Dataset entries
--------------------------------------------------

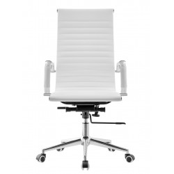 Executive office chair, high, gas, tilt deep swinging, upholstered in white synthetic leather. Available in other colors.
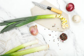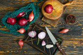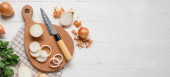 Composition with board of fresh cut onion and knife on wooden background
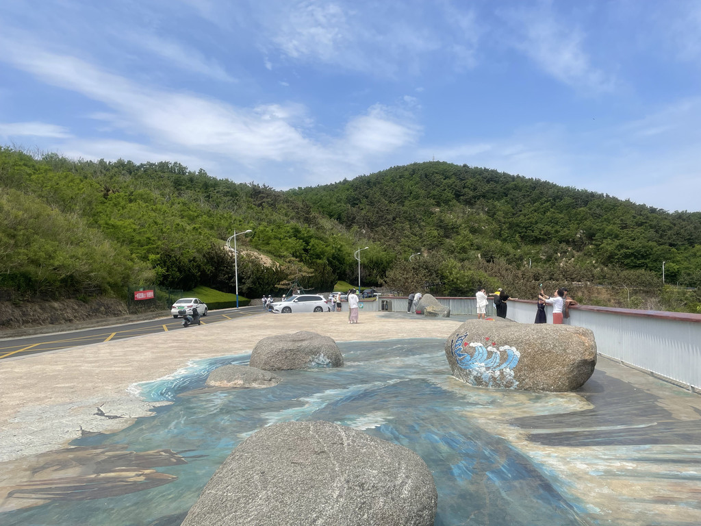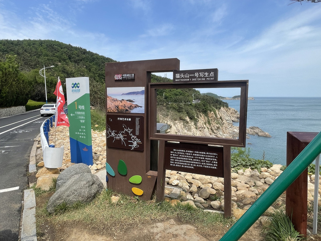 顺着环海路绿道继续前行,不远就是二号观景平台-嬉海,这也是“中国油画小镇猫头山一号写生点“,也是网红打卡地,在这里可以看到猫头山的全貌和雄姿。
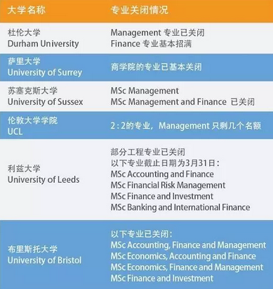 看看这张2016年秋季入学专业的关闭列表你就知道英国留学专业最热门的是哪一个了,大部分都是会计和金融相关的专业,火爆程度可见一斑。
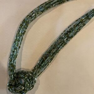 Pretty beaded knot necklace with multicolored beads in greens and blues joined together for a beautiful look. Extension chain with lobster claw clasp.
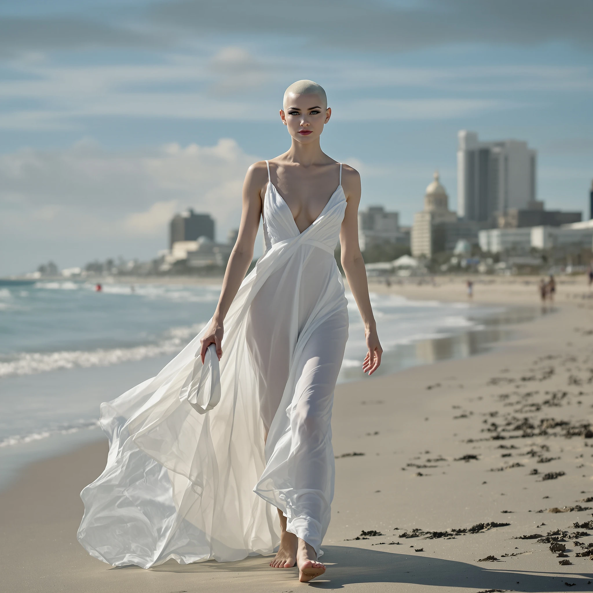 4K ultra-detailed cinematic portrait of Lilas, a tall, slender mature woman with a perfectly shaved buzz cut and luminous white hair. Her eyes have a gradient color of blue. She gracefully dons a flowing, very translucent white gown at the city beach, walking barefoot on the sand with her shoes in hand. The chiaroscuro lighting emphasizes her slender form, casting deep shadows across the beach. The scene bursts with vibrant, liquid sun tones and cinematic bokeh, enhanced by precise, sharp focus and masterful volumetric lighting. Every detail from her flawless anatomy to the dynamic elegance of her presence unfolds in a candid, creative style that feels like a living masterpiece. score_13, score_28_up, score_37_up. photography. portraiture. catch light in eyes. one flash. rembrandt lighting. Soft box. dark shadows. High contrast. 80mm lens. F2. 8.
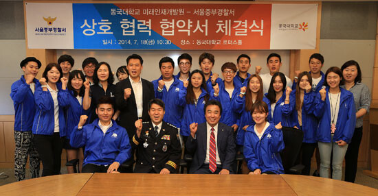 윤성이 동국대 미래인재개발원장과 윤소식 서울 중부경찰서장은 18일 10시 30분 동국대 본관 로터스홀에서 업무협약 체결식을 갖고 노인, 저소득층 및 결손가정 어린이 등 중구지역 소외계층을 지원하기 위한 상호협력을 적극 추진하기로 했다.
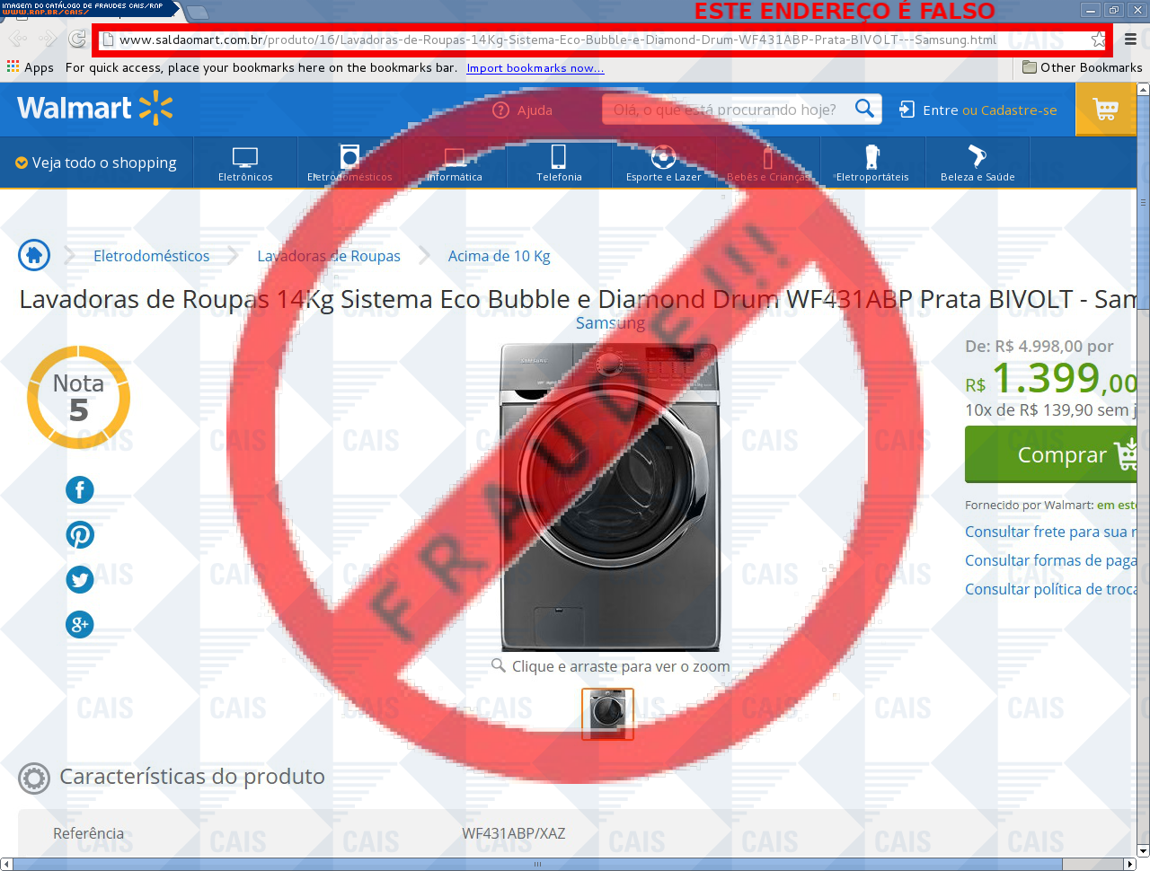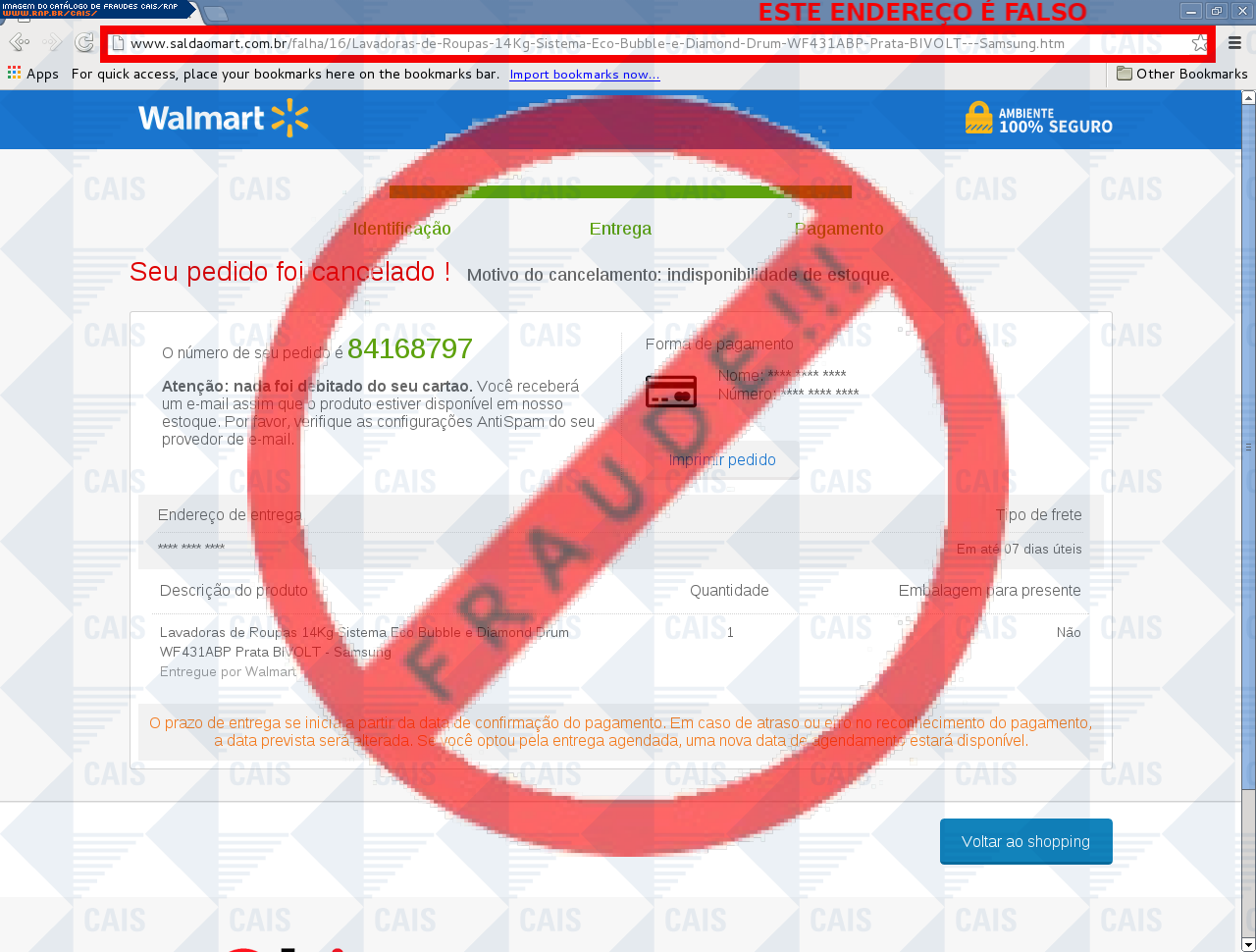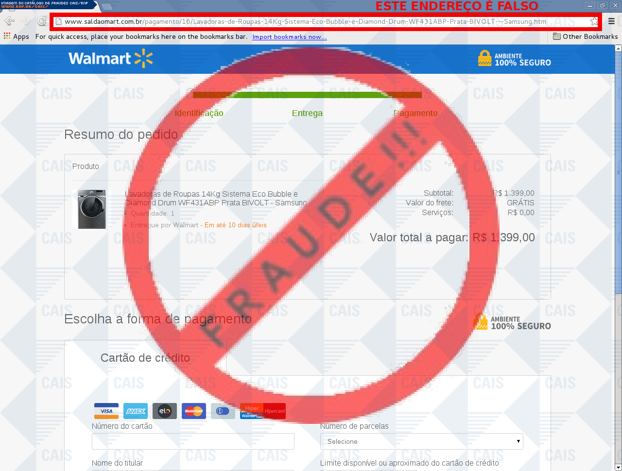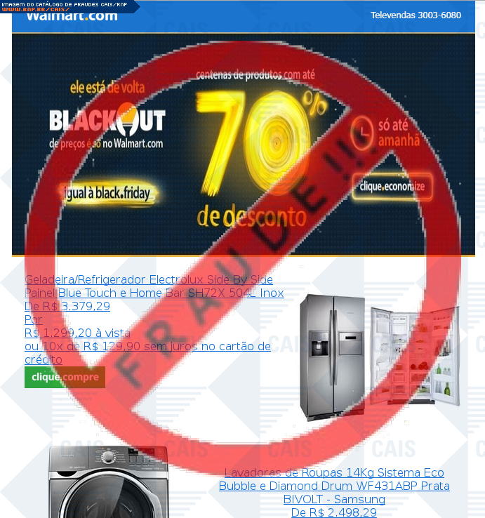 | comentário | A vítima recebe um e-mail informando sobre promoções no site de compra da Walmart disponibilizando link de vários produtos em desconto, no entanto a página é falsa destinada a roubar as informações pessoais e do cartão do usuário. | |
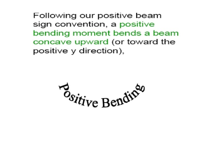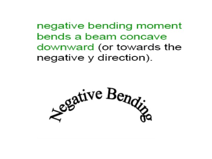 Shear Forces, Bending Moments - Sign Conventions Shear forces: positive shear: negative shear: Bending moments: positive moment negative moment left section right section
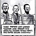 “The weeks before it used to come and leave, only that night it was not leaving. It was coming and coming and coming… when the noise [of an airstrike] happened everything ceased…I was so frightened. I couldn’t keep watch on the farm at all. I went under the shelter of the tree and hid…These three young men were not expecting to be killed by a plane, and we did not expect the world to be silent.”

--------------------------------------------------

Take every entry and repeat it verbatim, minus the pictures.

 Executive office chair, high, gas, tilt deep swinging, upholstered in white synthetic leather. Available in other colors.
 Composition with board of fresh cut onion and knife on wooden background
 顺着环海路绿道继续前行,不远就是二号观景平台-嬉海,这也是“中国油画小镇猫头山一号写生点“,也是网红打卡地,在这里可以看到猫头山的全貌和雄姿。
 看看这张2016年秋季入学专业的关闭列表你就知道英国留学专业最热门的是哪一个了,大部分都是会计和金融相关的专业,火爆程度可见一斑。
 Pretty beaded knot necklace with multicolored beads in greens and blues joined together for a beautiful look. Extension chain with lobster claw clasp.
 4K ultra-detailed cinematic portrait of Lilas, a tall, slender mature woman with a perfectly shaved buzz cut and luminous white hair. Her eyes have a gradient color of blue. She gracefully dons a flowing, very translucent white gown at the city beach, walking barefoot on the sand with her shoes in hand. The chiaroscuro lighting emphasizes her slender form, casting deep shadows across the beach. The scene bursts with vibrant, liquid sun tones and cinematic bokeh, enhanced by precise, sharp focus and masterful volumetric lighting. Every detail from her flawless anatomy to the dynamic elegance of her presence unfolds in a candid, creative style that feels like a living masterpiece. score_13, score_28_up, score_37_up. photography. portraiture. catch light in eyes. one flash. rembrandt lighting. Soft box. dark shadows. High contrast. 80mm lens. F2. 8.
 윤성이 동국대 미래인재개발원장과 윤소식 서울 중부경찰서장은 18일 10시 30분 동국대 본관 로터스홀에서 업무협약 체결식을 갖고 노인, 저소득층 및 결손가정 어린이 등 중구지역 소외계층을 지원하기 위한 상호협력을 적극 추진하기로 했다.
 | comentário | A vítima recebe um e-mail informando sobre promoções no site de compra da Walmart disponibilizando link de vários produtos em desconto, no entanto a página é falsa destinada a roubar as informações pessoais e do cartão do usuário. | |
 Shear Forces, Bending Moments - Sign Conventions Shear forces: positive shear: negative shear: Bending moments: positive moment negative moment left section right section
 “The weeks before it used to come and leave, only that night it was not leaving. It was coming and coming and coming… when the noise [of an airstrike] happened everything ceased…I was so frightened. I couldn’t keep watch on the farm at all. I went under the shelter of the tree and hid…These three young men were not expecting to be killed by a plane, and we did not expect the world to be silent.”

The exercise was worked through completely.